Sargun, are you still planning to look at this? What's your timeline?

Cheers,

Tycho


Re: [net-next v3 1/2] bpf, seccomp: Add eBPF filter capabilities

2018-03-01 Thread Andy Lutomirski
On Mon, Feb 26, 2018 at 7:27 AM, Sargun Dhillon  wrote:
> This introduces the BPF_PROG_TYPE_SECCOMP bpf program type. It is meant
> to be used for seccomp filters as an alternative to cBPF filters. The
> program type has relatively limited capabilities in terms of helpers,
> but that can be extended later on.
>
> The eBPF code loading is separated from attachment of the filter, so
> a privileged user can load the filter, and pass it back to an
> unprivileged user who can attach it and use it at a later time.
>
> In order to attach the filter itself, you need to supply a flag to the
> seccomp syscall indicating that a eBPF filter is being attached, as
> opposed to a cBPF one.
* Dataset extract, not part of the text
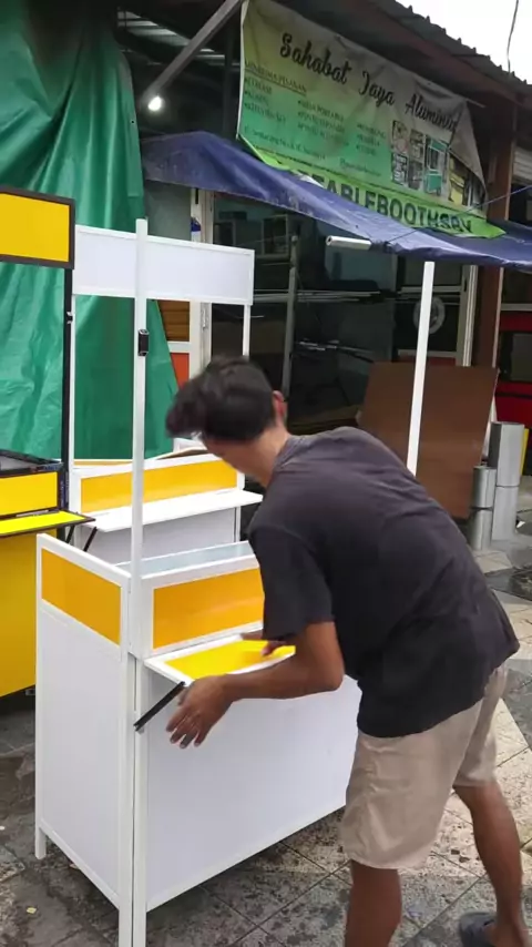 HARGA 750rb Booth portable paling simpel disini Ukuran 100 x 50 x 200 Bahan = rangka aluminium dinding melamin putih meja triplek 6mm dilapisin plat 0,25 info pemesanan, langsung klik link yang ada di bio#rombongkekinian#rombongsurabaya#rombongkontainer#rombongmurah#rombongunik#rombongbakso#rombongaluminium#rombongkekinian#rombongsedekah#rombongkediri#rombongsamarinda#rombongminuman#rombongaluminiumsurabaya#rombongminimalis#rombong_garage#rombonggresik#rombonggerobak#rombong#rombongmakanan#romb...

Verification occurs at program load time,
> so the user should only receive errors related to attachment.
> +static const struct bpf_func_proto *
> +seccomp_func_proto(enum bpf_func_id func_id)
> +{

return NULL unconditionally.  If you want different behavior, make it
a separate patch to be reviewed separately.

> +   switch (func_id) {
> +   case BPF_FUNC_get_current_uid_gid:
> +   return _get_current_uid_gid_proto;

NAK.  Doesn't work right in containers.  *Maybe* it would be okay to
have a helper that returns the uid/gid in the namespace of the filter
creator, but that's not what this does.

> +   case BPF_FUNC_ktime_get_ns:
> +   return _ktime_get_ns_proto;

NAK.  This would need a very clear use case that makes it worthwhile.
As it stands, it interferes with CRIU for no obvious good reason.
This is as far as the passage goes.